Welcome to twipper’s documentation!

https://raw.githubusercontent.com/alvarob96/twipper/master/docs/twipper.jpg

Introduction

twipper is an acronym that stands for Twitter wrapper; so the package is made in order to cover Twitter API endpoints defined as Python functions for both Free and Premium plans, which they both include batch and stream processing functions.

Installation

In order to get this package working you will need to install it using pip by typing on the terminal:

$ python -m pip install twipper --upgrade

Or just install the current release or a specific release version such as:

$ python -m pip install twipper==0.1.6

Batch

Under development.

Streaming

Twitter offers a Streaming service to retrieve real-time tweets that match a given query or location. This service uses an OAuth1 authentication method which requires both consumer (consumer_key, consumer_secret) and access keys (access_token, access_token_secret) and those keys will be used to authenticate the Twitter App, and so on to access the Streaming service via OAuth1.

As described below, for further details on Twitter Streaming insights please check the following diagram proposed by Twitter on Consuming Streaming Data.

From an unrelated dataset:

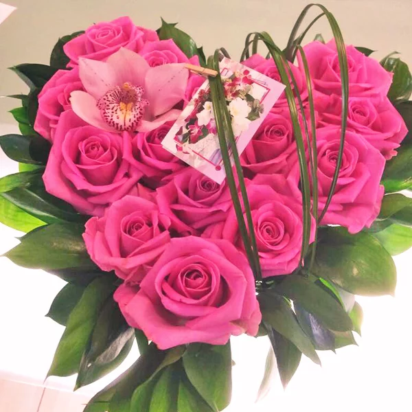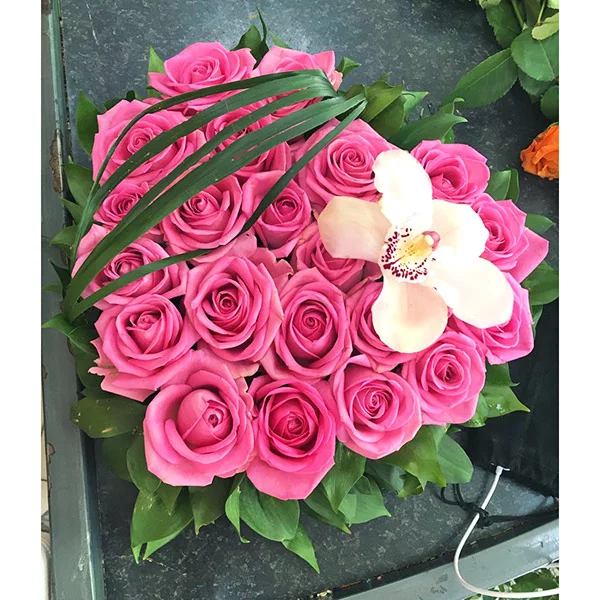 Люкс: роза розовая - 22 шт., орхидея белая - 1 шт., декоративная зелень., декор., оазис.

https://raw.githubusercontent.com/alvarob96/twipper/master/docs/twitter_streaming.png

So on, twipper has been created in order to cover Twitter Streaming process to retrieve real-time tweets. The sample usage of twipper when it comes to streaming data will be as it follows:

import twipper

from twipper.streaming import stream_tweets

cred = twipper.Twipper(consumer_key='consumer_key',
                       consumer_secret='consumer_secret',
                       access_token='access_token',
                       access_token_secret='access_token_secret')

tweets = stream_tweets(access=cred,
                       query='cats',
                       language='en',
                       filter_retweets=True,
                       tweet_limit=100,
                       date_limit=None,
                       retry='no_limit')

results = list()

for index, tweet in enumerate(tweets, 1):
    print('Inserting tweet number ' + str(index))
    results.append(tweet)

The previous block of code retrieves up to 100 tweets written in English matching the word cats as specified on the query, filtering out retweets and with an infinite number of tries if the retrieval process fails, until the objective is reached. Later on, as the returned data from the function are yield values inserted into a generator, a for loop is needed in order to store all the available retrieved data on a list. That list will contain a tweet formatted as a JSON object as described by Twitter.

{
    "created_at": "Thu May 10 15:24:15 +0000 2018",
    "id_str": "850006245121695744",
    "text": "Here is the Tweet message.",
    "user": {

    },
    "place": {

    },
    "entities": {

    },
    "extended_entities": {

    }
}

More JSON samples can be found at https://developer.twitter.com/en/docs/tweets/data-dictionary/overview/intro-to-tweet-json.html.

Note

For further twipper.streaming insights or information please use the streaming API Reference where functions are described and sorted out so to understand its usage and how the params should be formatted in order to execute useful queries and retrieve the desired information from Twitter.

Premium

Under development.

Queries

Since the Twitter querying system is a little bit confusing due to some differences between Standard and Streaming queries, some additional functions have been created by twipper in order to fix this minor issue when it comes to data retrieval from Twitter via its API, using either twipper or any other Twitter Wrapper for Python.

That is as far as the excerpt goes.